Sofia Mendonca, a public health expert at the Universidade Federal de Sao Paulo, has worked with indigenous tribes in the Amazon for four decades. She says respiratory diseases are a leading cause of death among Brazil’s 850,000 indigenous people.
“[They] will face this pandemic with great difficulty,” Mendonca says. “It can cause a serious reduction in this population.”
Underscoring the fears, a doctor who worked with an indigenous tribe in the Amazon tested positive for coronavirus last week.
Elsewhere, in Sao Gabriel da Cachoeira, where 95 per cent of the town’s 37,000 residents are indigenous, curfews are being imposed and entrances to some tribal lands have been sealed off to outsiders.
Traffic from neighbouring Colombia and Venezuela to the town on the Rio Negro has slowed, says Marivelton Barroso, president of the Federation of indigenous Organisations of the Rio Negro. But still he’s worried.
Only 11 per cent of homes in the municipality in Amazonas state have proper sewage systems, according to the Brazilian Institute of Geography and Statistics. Testing kits and hospital beds are in short supply. There are no ventilators.
“We do not want to wait for the problem to arise before action is taken,” says Barroso, a member of the Bare people. “The virus cannot get here. Every precaution is necessary.”
Mapoon, Australia
The walls went up around Mapoon last week.
The town on the western coast of Australia’s northeastern Cape York peninsula is one of many remote indigenous communities in the country that has implemented strict travel restrictions to limit exposure to the virus.
Schools are closed. Visitors are banned. Local rangers are on patrol. Anyone who leaves is not allowed back in.
Naseem Chetty, chief executive of the Mapoon Aboriginal Shire Council, says the lockdown is necessary. Many of the community’s 350 residents suffer from underlying medical conditions.
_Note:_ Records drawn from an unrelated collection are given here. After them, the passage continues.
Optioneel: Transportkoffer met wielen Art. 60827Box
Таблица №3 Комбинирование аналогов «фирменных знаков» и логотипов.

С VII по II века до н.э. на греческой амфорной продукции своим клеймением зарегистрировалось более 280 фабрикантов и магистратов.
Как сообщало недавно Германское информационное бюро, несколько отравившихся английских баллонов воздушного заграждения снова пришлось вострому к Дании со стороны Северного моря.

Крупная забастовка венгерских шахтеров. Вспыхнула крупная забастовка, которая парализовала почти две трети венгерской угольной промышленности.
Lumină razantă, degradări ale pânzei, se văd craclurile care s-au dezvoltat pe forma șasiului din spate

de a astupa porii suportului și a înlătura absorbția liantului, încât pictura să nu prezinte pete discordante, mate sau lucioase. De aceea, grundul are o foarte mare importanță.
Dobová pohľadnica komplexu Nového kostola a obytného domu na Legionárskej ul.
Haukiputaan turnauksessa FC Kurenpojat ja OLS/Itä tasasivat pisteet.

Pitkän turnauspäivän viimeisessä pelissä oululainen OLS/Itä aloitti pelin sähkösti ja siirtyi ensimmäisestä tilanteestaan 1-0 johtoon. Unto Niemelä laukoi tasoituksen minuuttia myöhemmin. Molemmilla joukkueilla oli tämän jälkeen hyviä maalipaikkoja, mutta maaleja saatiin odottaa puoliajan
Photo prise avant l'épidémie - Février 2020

“We don’t want to regret that we could have done this,” she says. “When you think about life, I think it’s more important to be proactive rather than reactive.”
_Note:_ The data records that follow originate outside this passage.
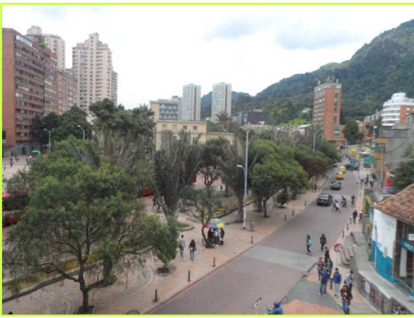
Dag 1-3&5 nationaal congres: Uitzicht.
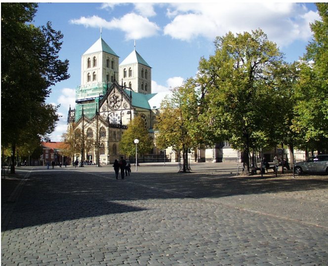
Der Domplatz in Münster
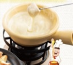
マリ自慢のチーズフォンデュ
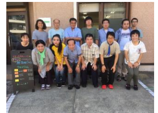
「はっぴわーく」のみなさん

一般企業等での就労が困難な方に、働く場を提供するとともに、就労への移行に向けた知識及び能力の向上のために必要な訓練を行っています。「働きたい」というニーズの充足及び生活の充実を目的に活動し、作業や就労に関する学習会など働く場・就労へのステップアップの場としての機能を果たしています。
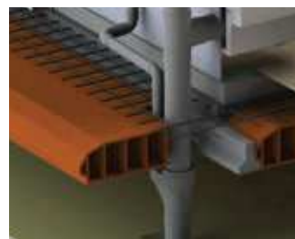
Ejemplo de instalación bajo forjado
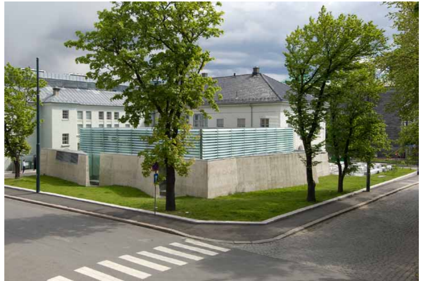
Nasjonalmuseet – Arkitektur med utstillingspaviljongen i forgrunnen
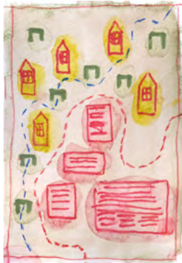
Un projet artistique multiple et situé
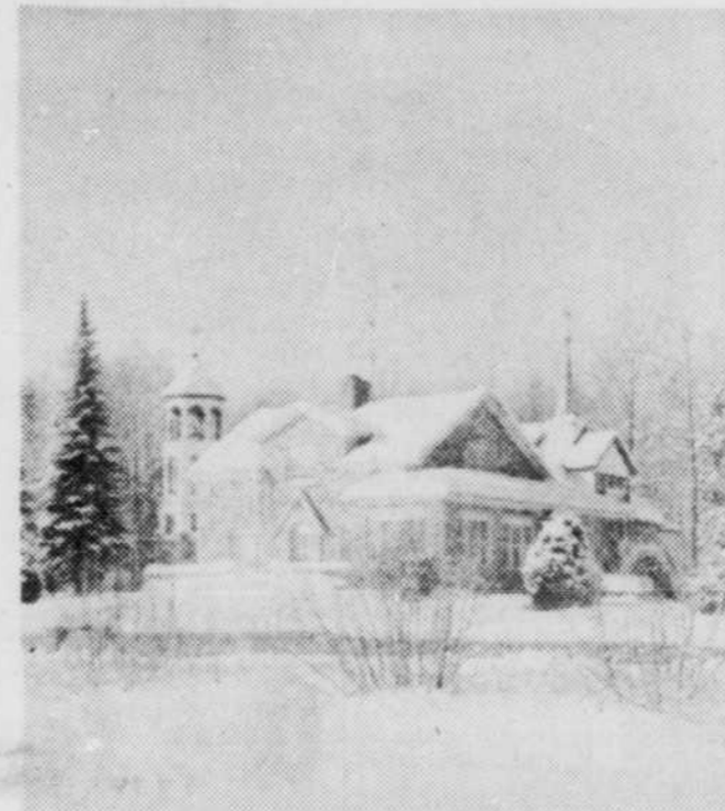
N'est-ce pas merveilleux: le camp Claret du lac Elgin, dirigé par les pères Claretains de Victoriaville, vu du lac

The virus’s spread into the community could quickly overwhelm its health care system. The shire has one medical clinic with one bed and one nurse. A 24-bed visitor accommodation centre has been converted into a temporary hospital.
At the town’s grocery store, there are limits on purchases of staples such as flour and rice. A plane delivered more food and supplies last week, but Chetty still anticipates shortages of products such as jam and tomato sauce.
Prime minister Scott Morrison gave states and territories authority this month to restrict entry into and out of indigenous communities, and he advises Australians against travelling to them.
Pat Turner, chief executive of the National Aboriginal Community Controlled Health Organisation, told Australia’s public broadcaster the spread of the deadly virus into Australia’s indigenous communities would be “absolutely catastrophic”: “I can’t be any blunter. If Covid-19 gets into our communities, we are gone.”